Three-tiered Combination Stimulates Immune System to Attack Lymphoma Cells, Phase 1/2 Trial Shows

Three-tiered Combination Stimulates Immune System to Attack Lymphoma Cells, Phase 1/2 Trial Shows

A combination of oral Imbruvica (ibrutinib), intratumoral CpG, and local low-dose radiation stimulates the immune system to safely and effectively attack lymphoma cells, according to a new study.

The study, “Interim results of a Phase I/II trial of intratumoral CpG, local low-dose radiation, and oral ibrutinib in patients with low-grade B-cell lymphoma,” was presented at the 2019 American Association for Cancer Research Annual Meeting, held in Atlanta, Georgia, March 29-April 3.

In the past decade, scientists have been investigating the use of vaccines to treat cancer. These vaccines generate anti-tumor responses by triggering the activation of immune cells, which then attack cancer cells.

Recently, a group of researchers showed that the injection of intratumoral CpG (a type of immune system-stimulating agent) and low-dose radiation can help incite an anti-tumor response from the immune system and lead to a reduction in tumor volume in patients with low-grade lymphoma.

Imbruvica — developed by Pharmacyclics and Janssen, and approved for many lymphoma types — has also been shown to be effective for treating cancer by regulating the immune system. In fact, a study published in 2015 found that treatment using Imbruvica plus intratumoral CpG cured lymphoma in mouse models of the disease.

This led researchers to initiate a Phase 1/2 clinical trial (NCT02927964) testing a combination of 560 mg of oral Imbruvica, intratumoral CpG, and local low-dose radiation to treat patients with recurrent low-grade lymphoma.

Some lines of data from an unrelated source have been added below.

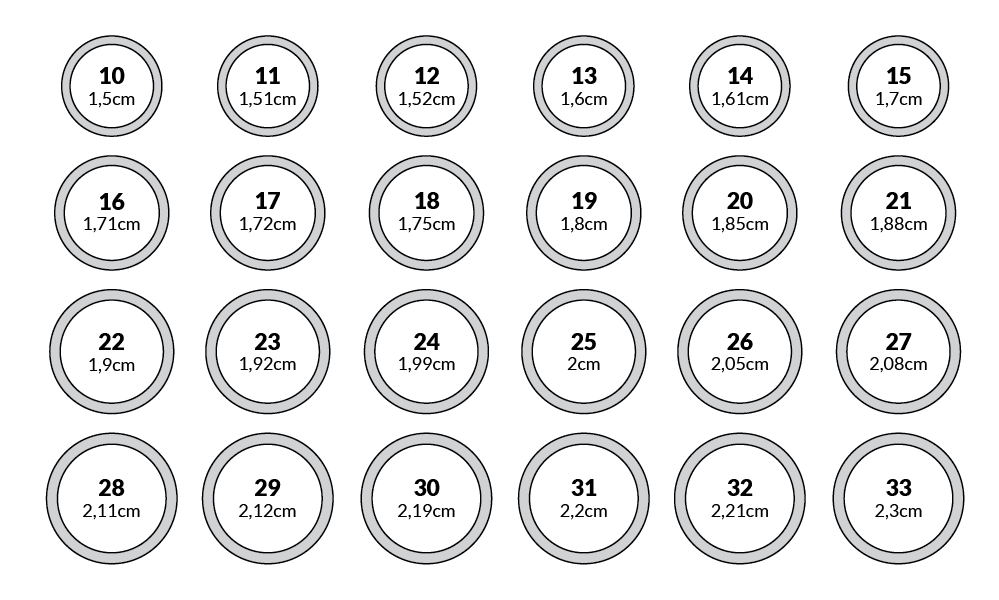 Com o valor da medida em mãos, agora confira em nossa tabela o tamanho do aro de seu Anel.
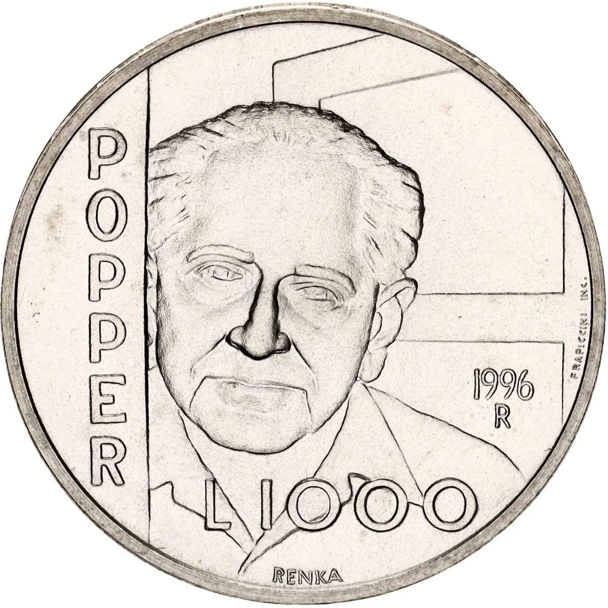 Popper's bust in a doorway, name at left.
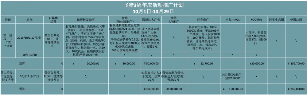 ③玩谐音梗“飞猪=飞珠”,同时微博抽奖点燃话题,国庆出行带有“猪、珠、zhu”字的,转发并@官微,抽奖报销机票;
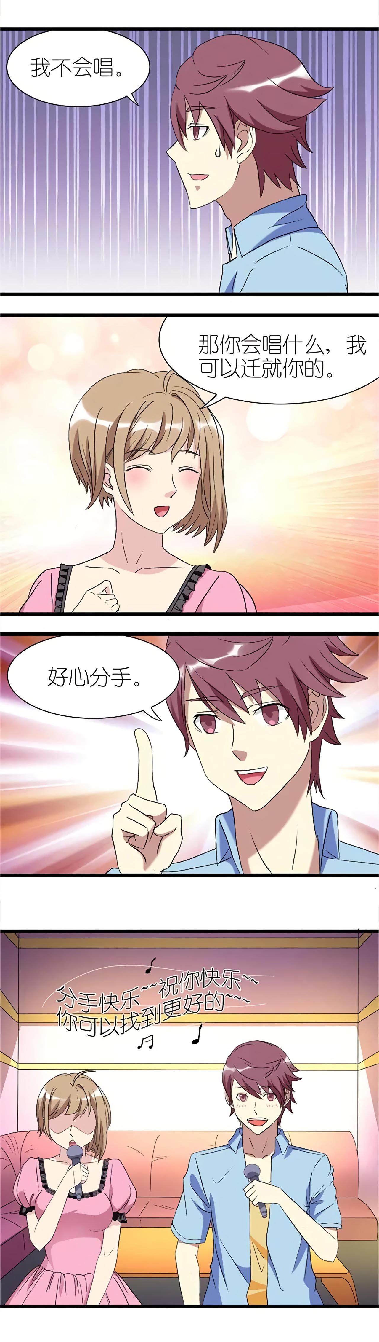 男生和女生一起KTV唱歌,女生邀请男生合唱《今天就要嫁给你》,男生不会唱,女生说,你会唱什么,我可以迁就你的,只要能和你一起唱歌就好啦。于是,男生给女生推荐了他最擅长的歌曲《好心分手》,两人一起唱:分手快乐,祝你快乐,你会找到比我更好的!

To date, the researchers have completed the Phase 1 initial safety assessment phase and have met the safety criteria to move on to Phase 2.

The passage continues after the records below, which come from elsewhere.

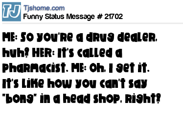 X ME: So you're a drug dealer, huh? HER: It's called a pharmacist. ME: Oh, I get it. It's like how you can't say "bong" in a head shop, right?
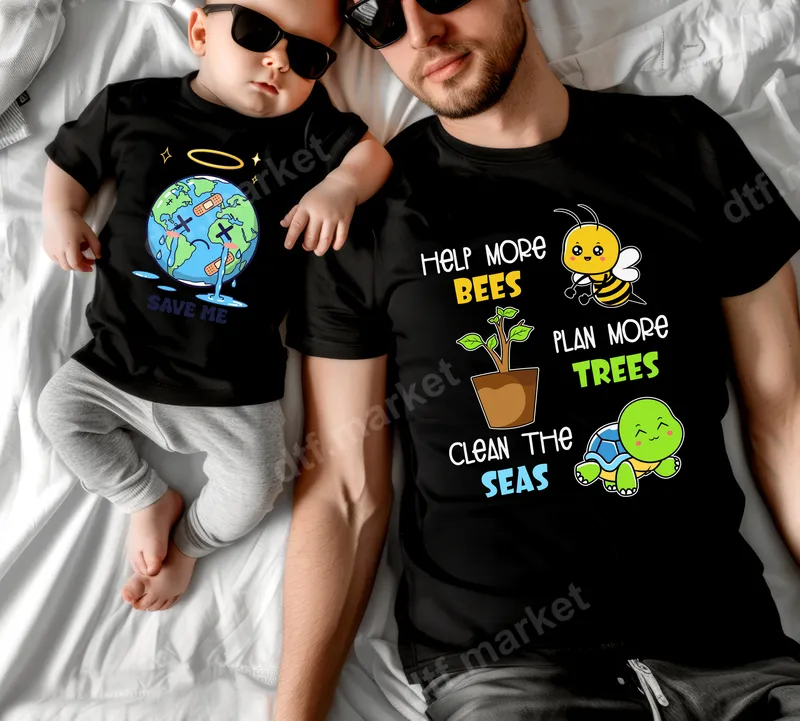 See allEmbrace the spirit of environmental stewardship with this charming DTF transfer set, perfect for spreading a vital message. One design features our beloved Earth, looking a bit distressed with band-aids and a halo, pleading 'SAVE ME,' while the other joyfully encourages us to 'Help More Bees, Plan More Trees, Clean The Seas,' accompanied by adorable illustrations of a bee, a potted plant, and a cheerful turtle. This vibrant, ready to press design is ideal for anyone passionate about protecting our planet. This eco-conscious heat transfer is perfect for environmental activists, nature lovers, and especially families who want to share a meaningful message. It makes a thoughtful gift for Earth Day, school events, or any occasion celebrating our planet. Create adorable matching parent-child shirts or outfits, inspiring young minds to care for the environment from an early age. Applying this high-quality iron on decal is incredibly simple, making customization a breeze for everyone. Designed for versatility, it adheres beautifully to a wide range of fabrics including cotton, polyester, and their blends. Achieve professional results with a heat press set to 300-325°F for 15 seconds with medium pressure, or easily use a household iron. Best of all, there's absolutely no weeding required, saving you time and effort. Experience the difference of a premium heat press transfer. Our DTF transfers boast exceptionally vibrant colors that stand out, a soft-to-the-touch feel, and remarkable crack resistance for long-lasting wear. Each t-shirt transfer is produced on professional-grade DTF film with a strong, reliable adhesive, ensuring your designs remain crisp and intact wash after wash. Transform your apparel into a statement piece effortlessly.
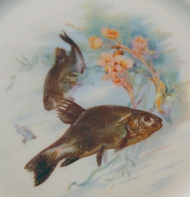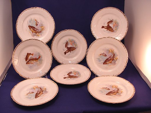 SET OF 8 VICTORIA & CARLSBAD FISH PLATES: Transfer image of aquatic life, 8 3/4''. Minor wear to gold.
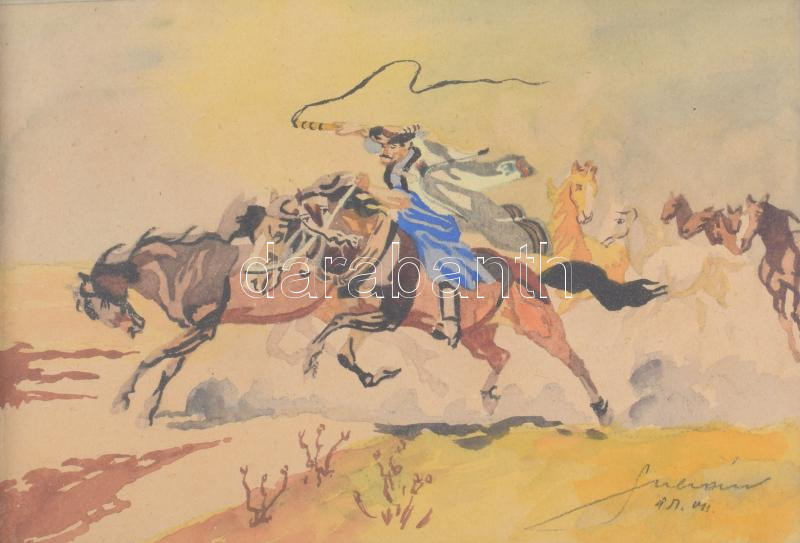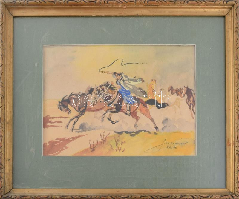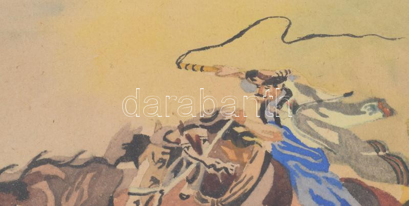 Olvashatatlan jelzéssel: Csikós lovakkal. Akvarell, papír, üvegezett fakeretben, 17,5×25 cm

Out of the 13 patients enrolled in the study so far — 12 with follicular lymphoma and one with marginal zone lymphoma — all have been evaluated to determine the treatment’s safety and 12 were assessed to determine the treatment’s efficacy.

So far, the side effects from this combination have been similar to those experienced by patients who received each individual treatment alone. Hence, there have been no novel adverse events reported, as well as no life-threatening events or deaths.

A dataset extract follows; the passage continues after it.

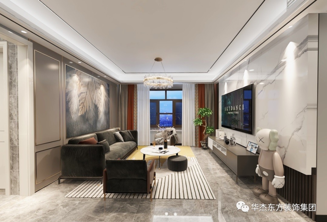 △ 沙发背景墙采用奶灰色硬包,搭配氛围感十足的大幅装饰画,同时应用金色不锈钢条作边线处理,既让不同材质的结合有关联性,又以其独特的色彩与质感赋予空间轻奢韵味。
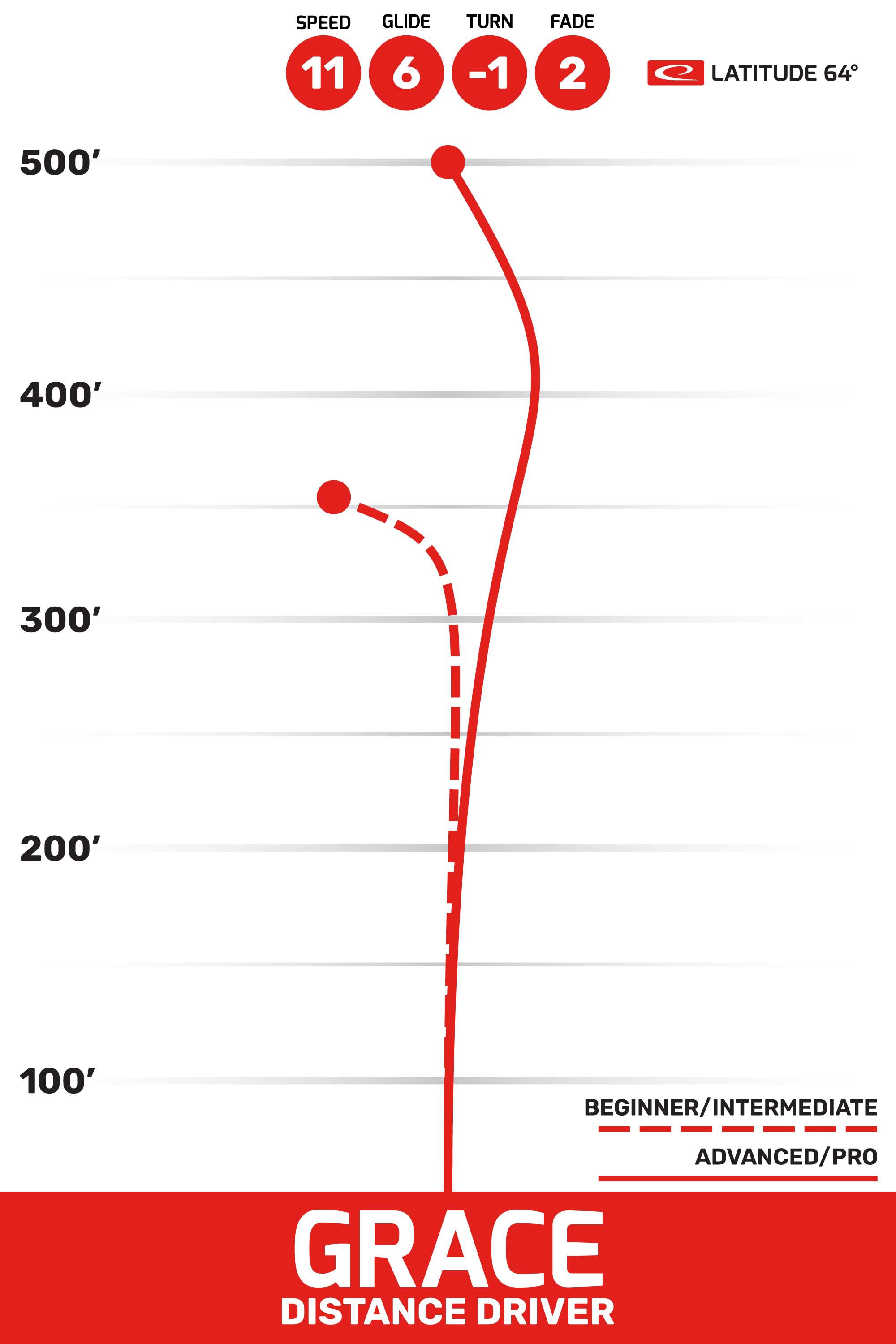 Grace is all about smooth distance. It has the control of a fairway driver, and the distance of a high speed driver. That combined with a neutral flight and great glide makes the Grace a versatile distance driver for the masses. Throw with Grace!

However, side effects did cause three patients to reduce their dose of Imbruvica or to discontinue its use.

Results indicated that half of patients responded to the combination therapy, with eight out of 12 experiencing at least a 30% reduction in tumor burden. Three patients experienced a more than 50% reduction in tumor burden.

Further analysis showed that the CpG injection modulated the immune system by affecting the balance of the different subtypes of T-cells — a type of immune cell that plays a vital role in fighting cancer.

Although CpG was injected in one lymphoma lesion, the researchers found that non-injected lesions also had changes in immune parameters, particularly an increase in T-cells able to fight the tumors.

“Thus, early data suggest that the combination of oral ibrutinib, intratumoral CpG, and local low-dose radiation is likely safe and effective in generating systemic antitumor immune responses and systemic tumor shrinkage,” the researchers concluded.